- The summit of Great Stickle, looking towards Black Combe

Highest point
- Elevation: 305 m (1,001 ft)
- Prominence: c. 30 m
- Listing: Outlying Wainwright
- Coordinates: 54°18′51″N 3°12′44″W﻿ / ﻿54.31419°N 3.212198°W

Geography
- Great Stickle Location within the Lake District
- Location: Cumbria, England
- Parent range: Lake District
- OS grid: SD211916

= Great Stickle =

Fell in Lake District, England

Great Stickle is a fell located in the southern Lake District of England with an altitude of 305 m (1,001 ft). Alfred Wainwright included it in the Stickle Pike chapter of his "The Outlying Fells of Lakeland" (but stated the height incorrectly as 990 ft; the 2011 2nd edition has the correct figure). Geographically the fell is located on the southern ridge of Stickle Pike and is located between the lower Duddon Valley (west) and the valley of Dunnerdale Beck (east). A "stickle" is a hill with a prominent rocky top.

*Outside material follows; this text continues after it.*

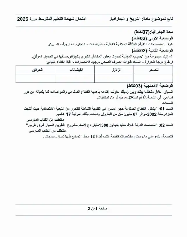 موضوع مقترح في التاريخ والجغرافيا لشهادة التعليم المتوسط دورة 2026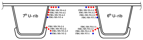 In this study, an FBG-based SHM system was instrumented on a steel bridge crossing the Beijing-Hangzhou Grand Canal located in Hangzhou, China as shown in Figure 2. This system is mainly comprised of FBG sensors, transmission fibers and an interrogator. A total of 16 measurement regions (for each region, it consists of three strain measurement points and one temperature compensation point) are selected for sensor deployment on the critical welded joints at the mid-span and quarter-span sections. The selection of welded joints in each section is primarily based on the literature such as the fatigue-prone rib-to-deck and rib-to-diaphragm with cutout welded joints. The installation locations of the FBG sensors are illustrated in Figure 3, Figure 4 and Figure 5. In detail, four FBG sensors are installed on each measurement area of the 6th and 7th U-rib in the orthotropic steel deck at the mid-span and quarter-span of the bridge. In this study, the measurement areas are relative narrow and we need to install three FBG sensors in a length of 15 mm to capture the stress values at the locations of 5 mm, 15 mm and 20 mm away from the weld toe. The short grating region will cause weak reflected light. In recognition of this, the FBG sensors with a grating region of 1 mm long are customized and the effectiveness the FBG sensors is verified by the sensor supplier. According to the test report, the reflectivity of these FBG sensors is more than 85%. The reflection center wavelengths of the FBG sensors are ranged from 1526 nm to 1561 nm. The interrogator with 16 channels is used in this study and four FBG sensors are linked to each channel.

The fell is rugged in appearance with several craggy outcrops that are found especially on its summit and its southern slopes which descend to the hamlet of Broughton Mills. It is generally climbed in combination with Stickle Pike, the ridge between the two summits offering an interesting traverse and excellent views to the Furness Peninsula and the southern fells.